Closed
Bug 740360
Opened 13 years ago
Closed 13 years ago
balrog needs to make sure connections are always closed
Categories
(Release Engineering :: General, defect)
Release Engineering
General
Tracking
(Not tracked)
RESOLVED
FIXED
People
(Reporter: bhearsum, Assigned: bhearsum)
References
Details
Attachments
(1 file, 1 obsolete file)
(deleted),
patch
|
catlee
:
review+
bhearsum
:
checked-in+
|
Details | Diff | Splinter Review |
We hit an issue this morning where Rail's Balrog client was getting "Bad Status Line" error when making requests. After poking around the server I found that there was a bunch of seemingly hung httpd workers, as well as a bunch of open sockets. Here's everything I found:
- 21 connections to the mysql server in a CLOSE_WAIT state.
-- Sheeri looked at the mysql server, and found no connections from the aus4-dev node, so as far as that server is concerned those connections are dead
- ~50 connections to zlb nodes in a TIME_WAIT state (actual number varies a little bit)

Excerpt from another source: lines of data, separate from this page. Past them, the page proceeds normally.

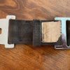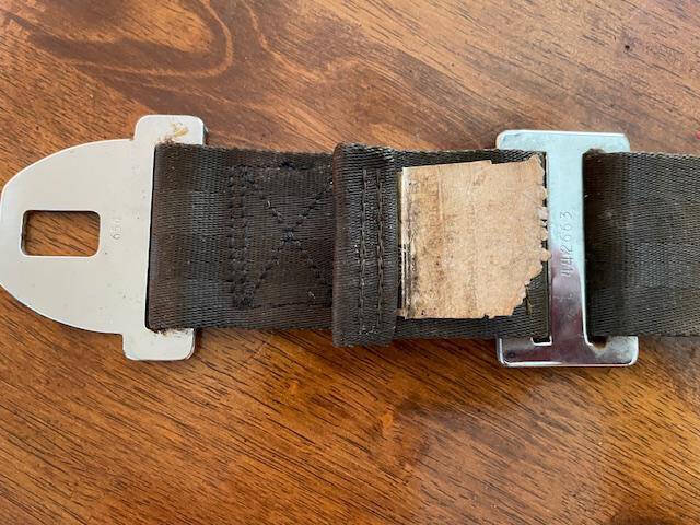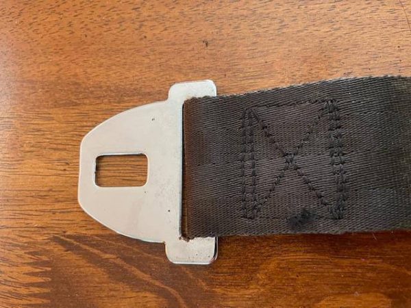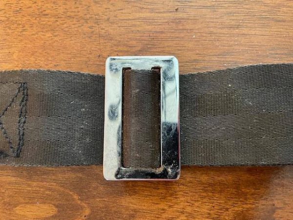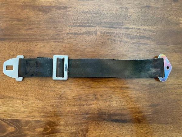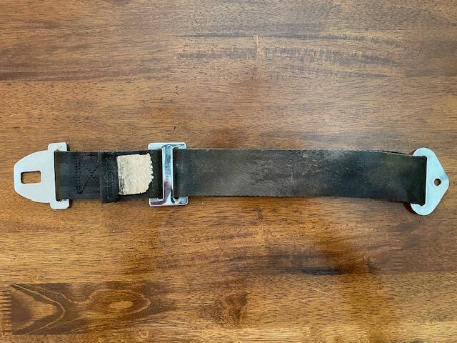 Lake LA4-180 Co-Pilot’s American Safety seat belt, male segment. Black with some dirt and fading but no fraying. No rust on components. Approximately 26″ fully extended.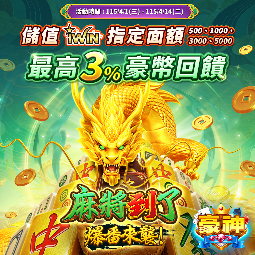 活動期間,透過 iWIN 購買指定面額 500 / 1,000 / 3,000 / 5,000 點,並成功儲值至【豪神娛樂城】遊戲帳號內,最高可享 3% 豪幣回饋!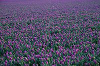 Een bollenveld met paarse tulpen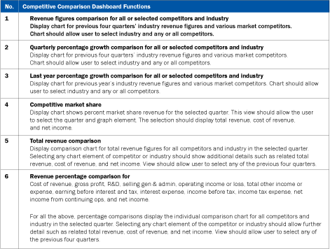 With these guidelines, you can prepare the dashboard design sheet with a list of all the functionalities, possible visuals involved, and the user interactions that operate those functionalities. By reading the guidelines, executives should get a better picture of the functions of the end product. Figure 2 contains an example dashboard design sheet that lists the functionality of a competitive comparison dashboard.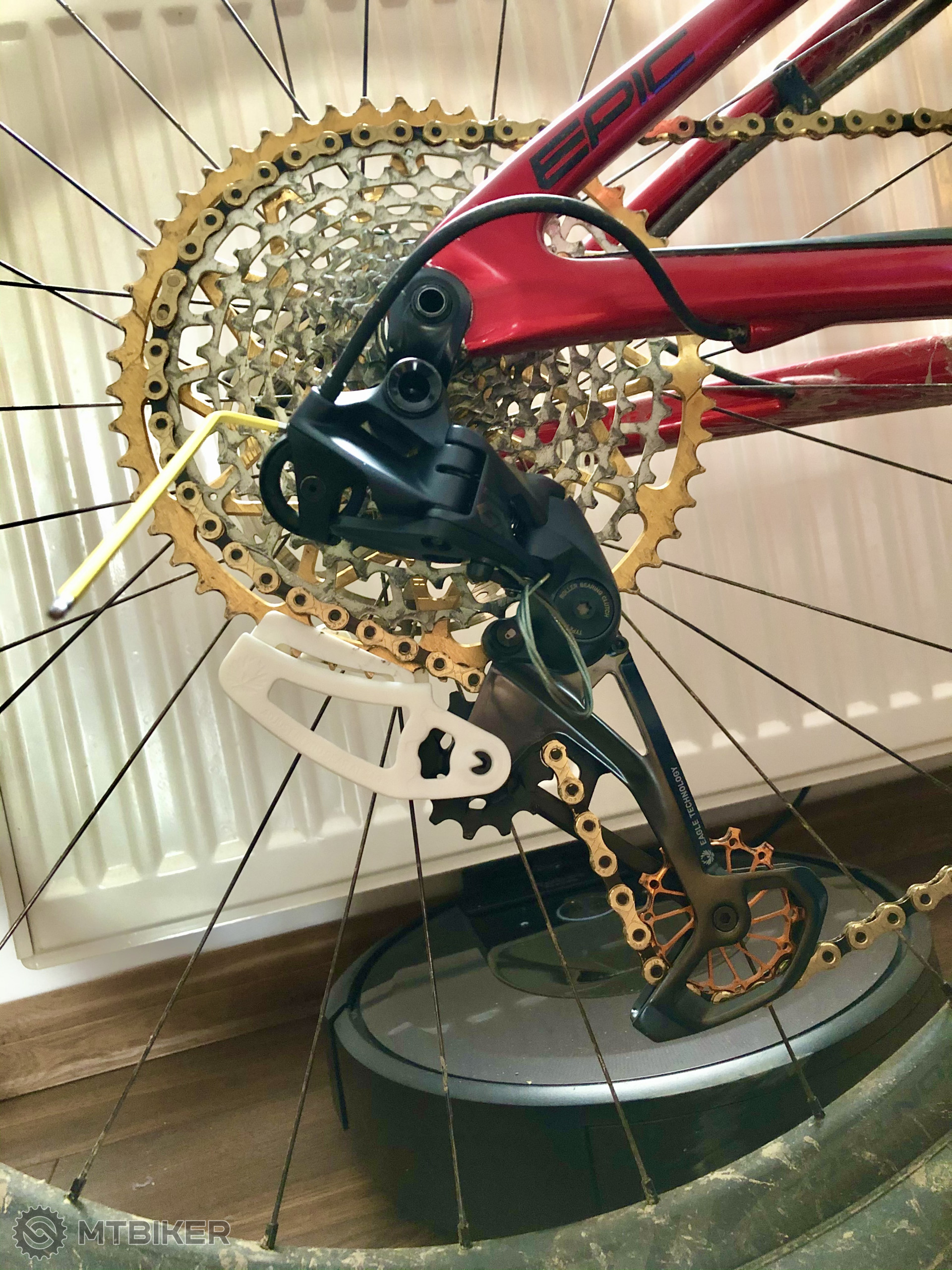 Takze po kúpe novej prehadzky sram gx 1x12 (určené pre 10-52z) konečne všetko Tip-Top sadlo to ale až po nastavení vzdialenosti ramienka od kazety pomocou šablóny a reťaz je skrátená podľa nastavenia od kazety garbarug ??⚙️?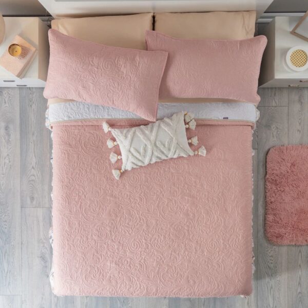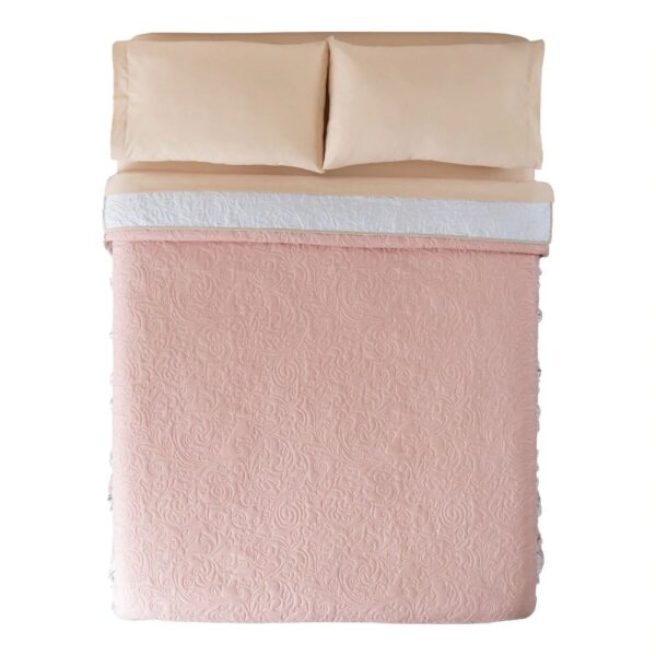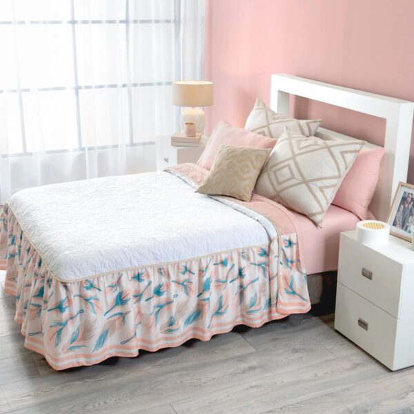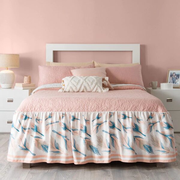 Colcha con holán estampado y capitonado especial, suave por su textura viasoft. Complementa con fundas y cojines.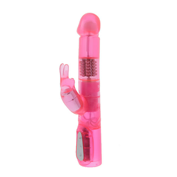 Вибромассажер насыщенно-розового цвета имеет несколько режимов вибрации, эскалации и водонепроницаемую поверхность.

- This exception in the application log:
ERROR:auslib.web.base:Exception on /releases/Firefox-mozilla-aurora-nightly-20120329042012/builds/Linux_x86-gcc3/kk [PUT]
Traceback (most recent call last):
File "/usr/lib/python2.6/site-packages/flask/app.py", line 1292, in wsgi_app
response = self.full_dispatch_request()
File "/usr/lib/python2.6/site-packages/flask/app.py", line 1062, in full_dispatch_request
rv = self.handle_user_exception(e)
File "/usr/lib/python2.6/site-packages/flask/app.py", line 1060, in full_dispatch_request
rv = self.dispatch_request()
File "/usr/lib/python2.6/site-packages/flask/app.py", line 1047, in dispatch_request
return self.view_functions[rule.endpoint](**req.view_args)
File "/usr/lib/python2.6/site-packages/flask/views.py", line 56, in view
return self.dispatch_request(*args, **kwargs)
File "/usr/lib/python2.6/site-packages/flask/views.py", line 112, in dispatch_request
return meth(*args, **kwargs)
File "/data/www/aus4-admin-dev.allizom.org/aus4-admin/auslib/web/views/base.py", line 40, in put
return self._put(*args, transaction=trans, **kwargs)
File "/data/www/aus4-admin-dev.allizom.org/aus4-admin/auslib/web/views/base.py", line 40, in put
return self._put(*args, transaction=trans, **kwargs)
File "/data/www/aus4-admin-dev.allizom.org/aus4-admin/auslib/web/views/base.py", line 11, in decorated
return f(*args, changed_by=username, **kwargs)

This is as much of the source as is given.